The noisy isle crowded with
Yiddish-speaking, Russian Tsar-hating Jews, the elevated trains
hammering out the urban machine soundtrack to industrial Manhattan,
other flavors and phantoms are successfully summonsed in this
engaging text.
The author traces Trotsky's steps: his
rental in a middle-class section of the Bronx; his day job at a
Russian-language left-wing rag (and debates therein); his
interactions with socialists both American and foreign, his
associates both old world and new.
Together, in New York and Trotsky,
Ackerman ably helps himself to not one, but two great historical
players so that, although we're dealing with footnoted, historical
nonfiction, a lively and, yes, even fun, portrait of man and place in
time emerges.
We might call it “Ragtime” for
communists save for the fact Ackerman hews closer to an academic
style than does E.L. Doctorow in his intentionally literary turn.
The portrait of Trotsky is that of a
verbal and ideological bulldog, an insolent intellectual, a man
convinced of his cause's correctness, intolerant of any divergence
from his recipe for violent revolution.
The author does a bang-up job of
resuscitating American socialist Morris Hillquit from the dustbin of
history through the replay of his policy battle with Trotsky over how the American
left would respond to the country's entry into World War I.
Hillquit prevailed... barely. Ackerman
suggests that in his confrontations with the milder reformist and
those of his ilk in New York, Trotsky mapped the future of American
left-radicalism for decades to come.
That, and other claims the author makes
regarding the impact of Trotsky's stay are plausible and provide
fodder for debate and further scholarship.
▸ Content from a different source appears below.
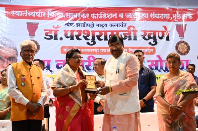 दि.23/07/2023रोज रविवारला स्वातंत्र्यवीर सावरकर फाउंडेशन व जलतरण संघटना यांच्या संयुक्त विद्यमाने आयोजित सत्कार सोहळ्यात नवभारत विद्यालय मूल येथील शिक्षिका पर्यावरण सखी सौ.वर्षा भांडारकर मॅडमला निसर्ग प्रेमी पर्यावरण संवर्धन हा पुरस्कार सन्माननीय पालकमंत्री श्री.सुधीरभाऊ मुनगंटीवार व झाडी बोलीतील जेष्ठ कलावंत पद्मश्री पुरस्कारविजेते श्री.परशुरामजी खुणे यांच्या हस्ते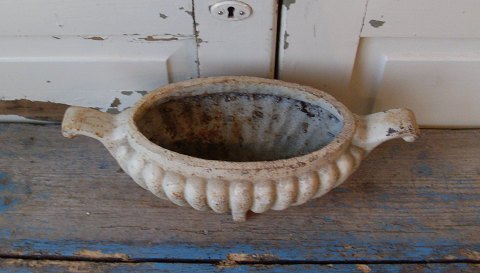 Lækker cremefarvet jern jardinere. Fremstår med hul/dræn i bunden, så vandet kan løbe fra. Højde 14cm. Længde 35cm.

The book sheds a novel light on the
Russian Revolution, which looms quite so large given Trotsky's
decisive role and Ackerman can't resist commenting on
the too-big subject. Here he falls into a bit of rote
anti-communism.
It's unavoidable that the horrors of
Stalin, the gulags, show-trials, pogroms, etc., be raised, but there
is no consideration of what good, if any, Trotsky's efforts generated
so that Ackerman short-shrifts his own subject.
How history treats us! Hillquit, a
decent human being and worldly character is forgotten, but the
Trotsky produced here, who wrought nothing but heartache upon those
he or his ideas touched, is the historical standout.
Without a counter-discussion, Trotsky
comes across as a man of multiple talents, all of which were
misapplied in the creation of a sanguinary communist dictatorship.
But there were many who believed in the Soviet Union and still others
who lament its passing. Their take on Trotsky is missing.
Which is to say, Ackerman should have
stopped where his title does: in New York. The post-Gotham section is
not inconsiderable and removes the reader from a curious epoch that
is the book's strength.
Yes, following the trajectories of
certain players, and Trotsky family members, in revolutionary Russia
serves a purpose and provides the reader with satisfying – or
mortifying – closure.
Still, the author would have lost
nothing and gained a more cohesive “whole” by sticking with his
attractive, almost stylized account and cutting Trotsky loose at the
New York piers; letting him float off into a history left for books
written and unwritten alike.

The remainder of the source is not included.